Our use of TRSs, including for certain of our international operations, may cause us to fail to remain qualified for taxation as a REIT in the U.S.
Our operations utilize TRSs to facilitate our qualification for taxation as a REIT. The net income of our TRSs is not included in our REIT taxable income unless it is distributed by an applicable TRS, and income that is not included in our REIT taxable income generally is not subject to the REIT income distribution requirement. Our ability to receive distributions from our TRSs is limited by the rules with which we must comply to maintain our qualification for taxation as a REIT. In particular, at least 75% of our gross income for each taxable year as a REIT must be derived from real estate. Consequently, no more than 25% of our gross income may consist of dividend income from our TRSs and other nonqualifying types of income. Thus, our ability to receive distributions from our TRSs may be limited and may impact our ability to fund distributions to our stockholders using cash flows from our TRSs.
Further, there may be limitations on our ability to accumulate earnings in our TRSs and the accumulation or reinvestment of significant earnings in our TRSs could result in adverse tax treatment. In particular, if the accumulation of cash in our TRSs causes (1) the fair market value of our securities in our TRSs to exceed 25% (20% for our tax years beginning after December 31, 2017 and before January 1, 2026) of the fair market value of our assets or (2) the fair market value of our securities in our TRSs and other nonqualifying assets to exceed 25% of the fair market value of our assets, then we will fail to remain qualified for taxation as a REIT. Further, a substantial portion of our TRSs are overseas, and a material change in foreign currency rates could also negatively impact our ability to remain qualified for taxation as a REIT.

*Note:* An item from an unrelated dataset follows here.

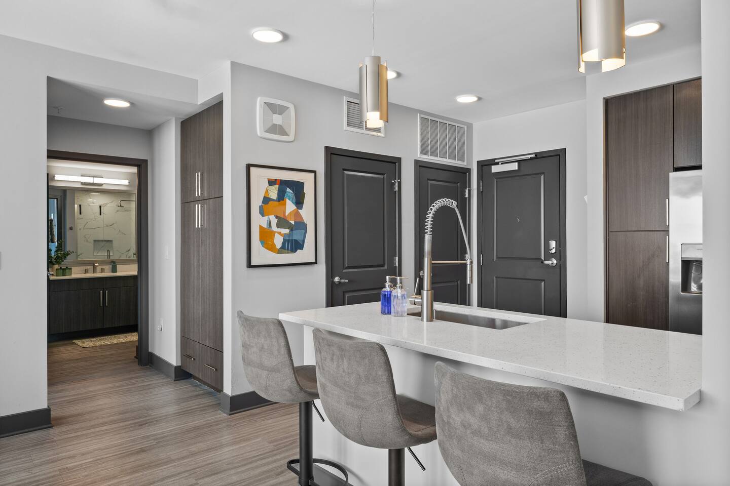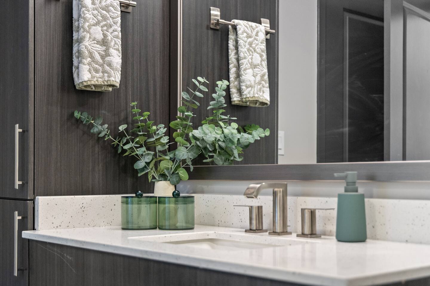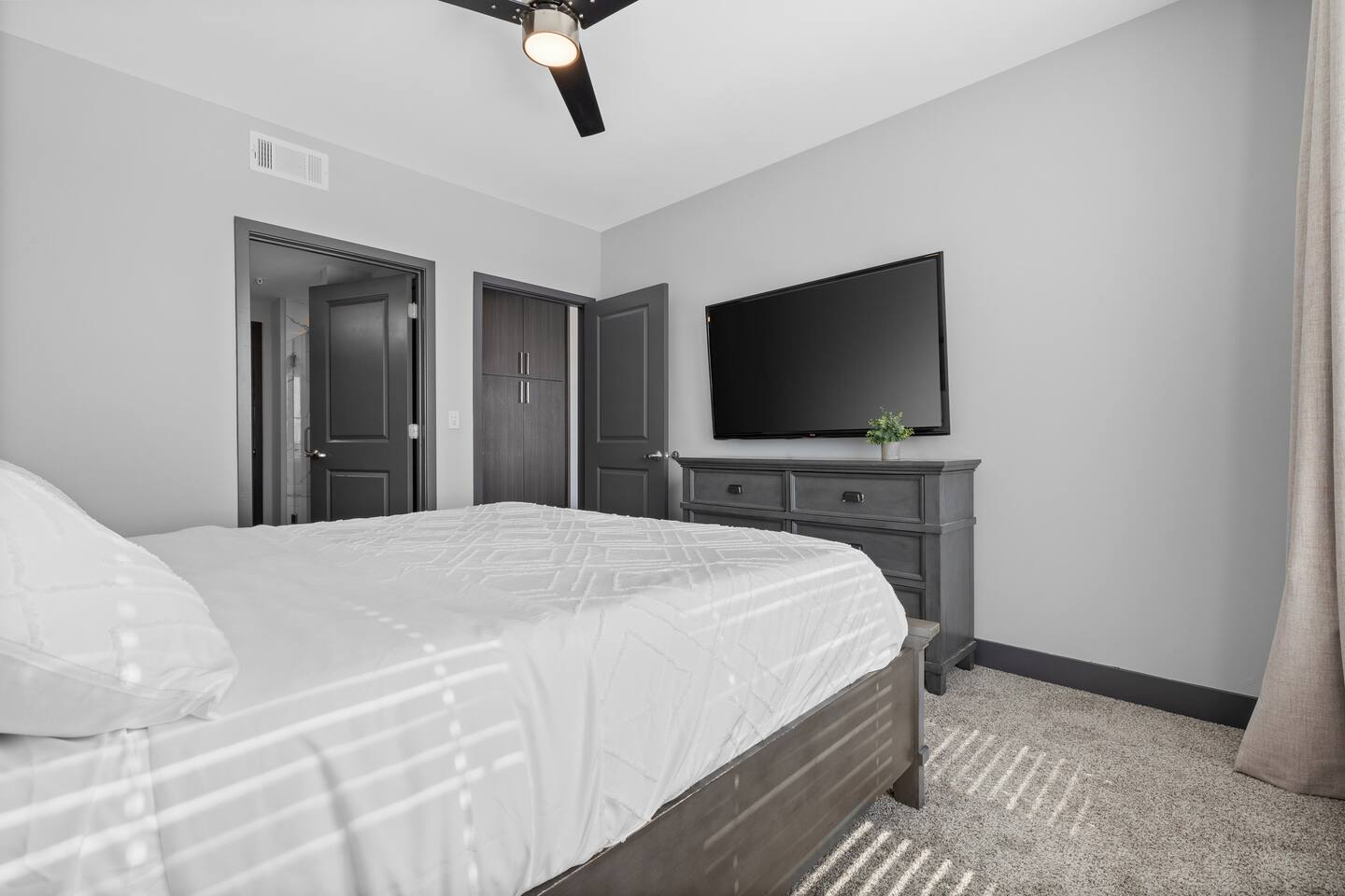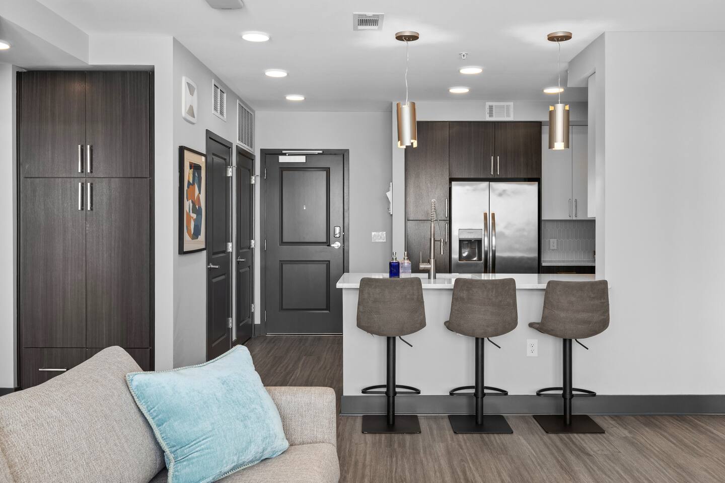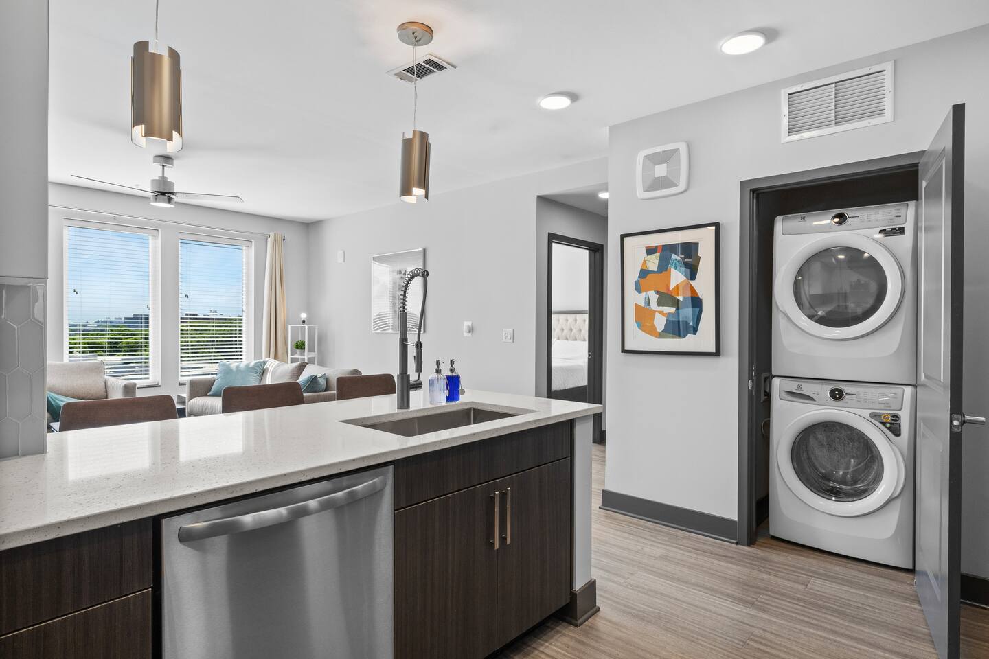🎶 Modern Nashville Escape – City Views & Luxe Vibes! 🎸 THE SPACE: Welcome to your stylish home base in Music City! This beautifully designed 2-bedroom, 2-bathroom apartment offers the perfect blend of comfort, convenience, and city charm — ideal for weekend getaways, friend groups, or business travelers. 🌆 Bright living space with downtown Nashville skyline views 🍳 Fully equipped kitchen with stainless steel appliances & essentials 🛏 Sleeps 6 comfortably: 1 King, 1 Queen, and a sofa sleeper 🛁 Two modern bathrooms with fresh towels and spa-like finishes 📺 Smart TVs in every room — stream, unwind, and stay entertained 🛋 Cozy layout with a Nashville-inspired vibe that feels like home THE BUILDING: Enjoy resort-style perks in this upscale community designed for relaxation and convenience: 🏊 Outdoor pool with lounge seating and skyline backdrop 💪 24/7 fitness center with cardio & strength equipment 🛋 Co-working and social lounges to work or hang out 🚗 Secure garage parking available for $25/night THE LOCATION: Centrally located in one of Nashville’s most dynamic neighborhoods, you’re never far from the action: 🎸 Broadway (10 min drive) – Music, nightlife, and honky-tonks 🍸 The Gulch (7 min) – Trendy restaurants, rooftop bars & shopping 🏟 Bridgestone Arena & Nissan Stadium (10–12 min) 🎤 Music Row (5 min) – The heartbeat of Nashville’s music industry ☕ Local cafés, breweries & boutiques just minutes away From skyline views to smart comforts and unbeatable access to Nashville’s top spots, this apartment is the perfect launchpad for your Music City experience. Book your stay and make it unforgettable! 🎷✨ Permit #2025037980
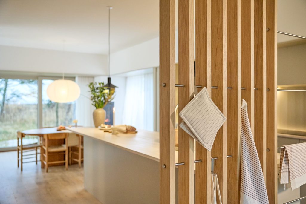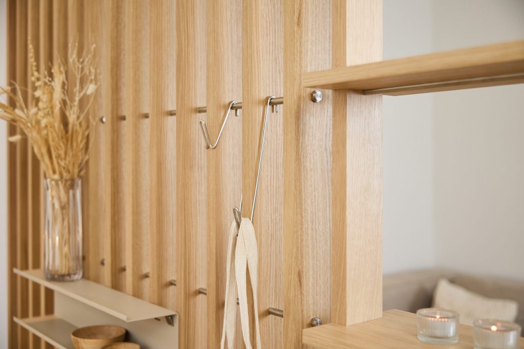 Gemaakt van natuurlijk eikenfineer en geborsteld roestvrij staal, creëert BM1 duidelijke scheiding en structuur. Je kunt de opstelling aanpassen, de indeling opnieuw configureren en accessoires toevoegen naarmate jouw behoeften veranderen.

The Code imposes limitations on the ability of our TRSs to utilize specified income tax deductions, including limits on the use of net operating losses and limits on the deductibility of interest expense.
Even if we remain qualified for taxation as a REIT, some of our business activities are subject to corporate level income tax and foreign taxes, which will continue to reduce our cash flows, and we will have potential deferred and contingent tax liabilities.
Even if we remain qualified for taxation as a REIT, we may be subject to some federal, state, local and foreign taxes, including taxes on any undistributed income, and state, local or foreign income, franchise, property and transfer taxes. In addition, we could in certain circumstances be required to pay an excise or penalty tax, which could be significant in amount, with respect to dealer property income or in order to utilize one or more relief provisions under the Code to maintain our qualification for taxation as a REIT.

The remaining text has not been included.